| name | data-source-watcher |
| description | Proactive monitor for credible government data sources (IRS, BLS, SSA, DOL, state revenue departments, Census, O*NET). Detects upstream releases, opens draft refresh PRs for affected tools and articles, and maintains the user-visible "new data coming soon" banner. Operationalizes the update-velocity moat — being among the first sites to ship authoritative numbers when they change. Used by Stage 1 Discovery (surfaces freshness opportunities), Stage 4 Creation (auto-drafts refresh PRs), and the tool-cluster strategy. |
| metadata | {"family":"ops","owner":"seo","last_reviewed":"2026-05-01T00:00:00.000Z","version":"1.0.0","related_skills":["tool-fit","tool-fit-validation","content-refresh","seo-foundations","opportunity-discovery"],"kpis":["Time-to-ship after authoritative source release ≤72h for IRS / SSA; ≤14d for BLS monthly; ≤30d for ACS annual","Zero published tools showing data older than the most recent authoritative release without a 'new data coming soon' banner","≥1 'we updated within X hours' linkable-asset PR opportunity per quarter (Tier 3 backlink velocity)"],"marketing_pillar":4,"seo_standard":"B_C_E","kpi_tier":13,"funnel_stage":"all","content_class":"transactional","maturity_stage":"predictive","used_by_stages":[1,4]} |
Data Source Watcher
Proactive monitor for credible government data sources. Operationalizes the update-velocity moat — pillar 3 of the six-pillar moat per seo/tool-fit/reference/moat-scoring.md.
Why This Exists
A take-home pay calculator showing 2024 tax tables in 2026 is worse than no calculator — it damages credibility, suppresses Tier 3 brand search, and triggers manual-action risk on YMYL pages. Reactive freshness routing (via ops/content-refresh) catches stale pages after they've gone stale; the watcher catches the upstream release before the page goes stale.
Two outcomes:
- Speed-to-ship moat: be among the first sites to publish authoritative numbers when they update. The IRS releases 2027 tables in November 2026; the SERP competitors take 2-4 weeks. We ship inside 72 hours and own the search interest during the gap. The speed itself becomes a Tier 3 brand-search and link-bait asset (a "we updated within 48h" methodology page is itself linkable).
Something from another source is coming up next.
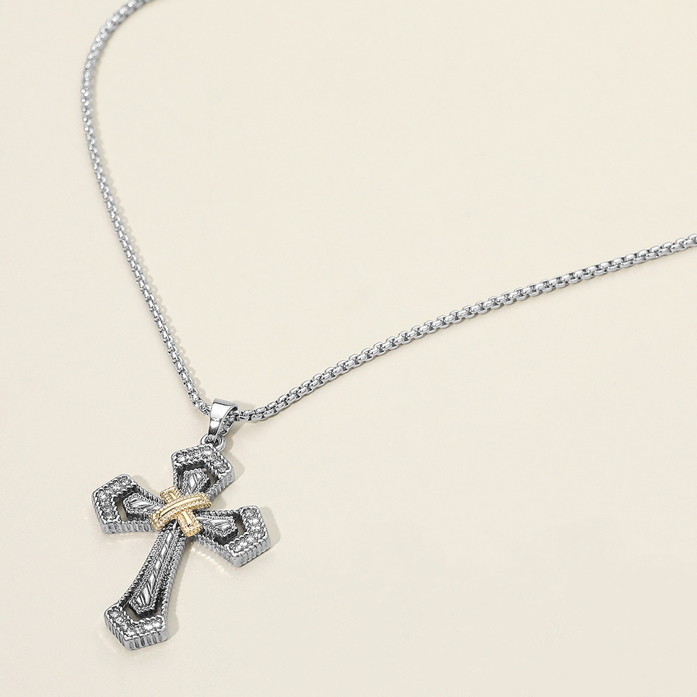 Details • Necklace Size : 17.75" + 3" L • Pendant Size : 1.2" X 1.9" • A bold cross pendant featuring intricate detailing paired with a sleek chain for a refined statement look. Perfect for everyday wear or heartfelt gifting, offering timeless appeal that layers beautifully or stands out worn alone. • Lead and Nickel Compliant

- Honest freshness signal: when a source has updated but our integration hasn't shipped yet, the tool surfaces a user-visible "BLS 2026 OEWS published; Career Hub updates within 72h" banner. Honesty earns trust the static SERP competitors can't match.
When to Use
- Continuous (scheduled): monitor authoritative-source release calendars + RSS feeds. No human input required for the watch loop.
- Stage 1 Discovery (weekly): emits "freshness opportunities" — tools that need refresh because an upstream source has released. Discovery surfaces these as
90_10_class: refresh candidates.
- Stage 4 Creation (event-driven): when a release fires, auto-drafts a refresh PR for affected tools / articles, including data-table updates and "Last verified" date bumps.
Do Not Use When
- Reactive routing of already-stale content — that's
ops/content-refresh's job. The watcher is proactive: it knows in advance when sources are going to release.
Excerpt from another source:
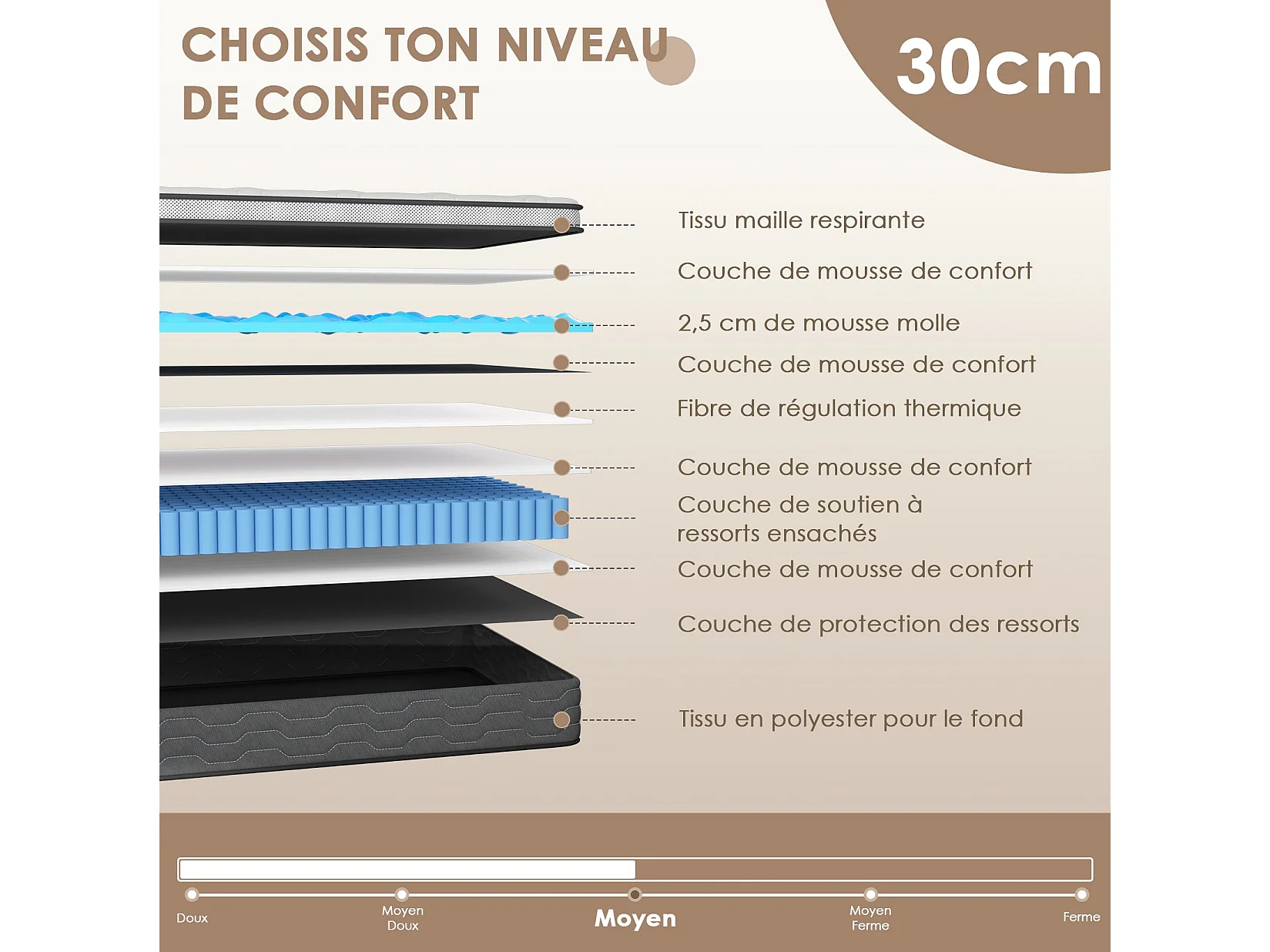 Ensemble matelas + sommier 90x190 cm, épaisseur du matelas 30 cm

- Editorial content refresh (article guides) — articles use
ops/content-refresh SLAs, not source-release events.
- Owned platform data (Indeed Flex internal datasets) — different release cadence; not in scope here.
Authoritative Sources Watched
Career Hub clusters (per seo-foundations/reference/tool-cluster-map.md) drive what's monitored. Initial source list:
Pay and Tax cluster
| Source | What it publishes | Cadence | Watch method | SLA after release |
|---|
| IRS Pub 15-T | Federal withholding tables | Annual ~Nov | RSS feed + IRS press release | 72h |
| IRS Pub 15 (Circular E) | Employer tax guide | Annual | Pub 15-T release co-occurrence | 72h |
| SSA | FICA wage base, COLA | Annual ~Oct | SSA press release | 72h |
| All 50 state revenue departments | State withholding tables | Annual + ad-hoc | State portal scrape (cached) | 7 days |
| DOL Wage and Hour Division | FLSA + minimum wage rules | Ad-hoc | DOL announcements | 7 days |
| BLS OEWS | Occupational wages | Annual ~Mar/May | BLS release calendar | 30 days |
Cost and Trade-offs cluster
| Source | What it publishes | Cadence | Watch method | SLA after release |
|---|
| BLS CPI | Consumer Price Index | Monthly | BLS schedule | 14 days |
| Census ACS 5-Year | Commute, housing, demographics | Annual ~Dec | Census release calendar | 30 days |
| DOL UI rules | State unemployment rules | Ad-hoc | State labor department portals | 7 days |
Career and Skills cluster
| Source | What it publishes | Cadence | Watch method | SLA after release |
|---|
| BLS Occupational Outlook Handbook | Role projections | Biennial | BLS release | 30 days |
| O*NET-OnLine | Skills, tasks | Quarterly | O*NET update notice | 30 days |
Shift and Schedule cluster
| Source | What it publishes | Cadence | Watch method | SLA after release |
|---|
| DOL FLSA rules | Overtime, breaks | Ad-hoc | DOL announcements | 30 days |
| State paid-leave laws | Paid sick, family leave | Ad-hoc | State labor portals | 7 days |
The watcher does not monitor commercial competitors, paid data vendors, or non-authoritative sources. Government and quasi-government only — the credibility is the moat.
Output Artifacts
1. Release detection log
nextjs-app/docs/research/data-source-watcher/releases/<YYYY-MM-DD>-<source>.md — one record per detected release:
source: irs-pub-15-t
release_date: 2026-11-15
release_url: <official-source-url>
detected_at: 2026-11-15T14:23:00Z
affected_tools: [paycheck-calculator, take-home-pay, tax-calculator, salary-converter, hourly-to-salary]
affected_articles: []
sla_target: 2026-11-18T14:23:00Z
draft_pr_opened: <github-pr-url>
banner_displayed: true
banner_text: "IRS 2027 withholding tables published; Career Hub updates within 72h"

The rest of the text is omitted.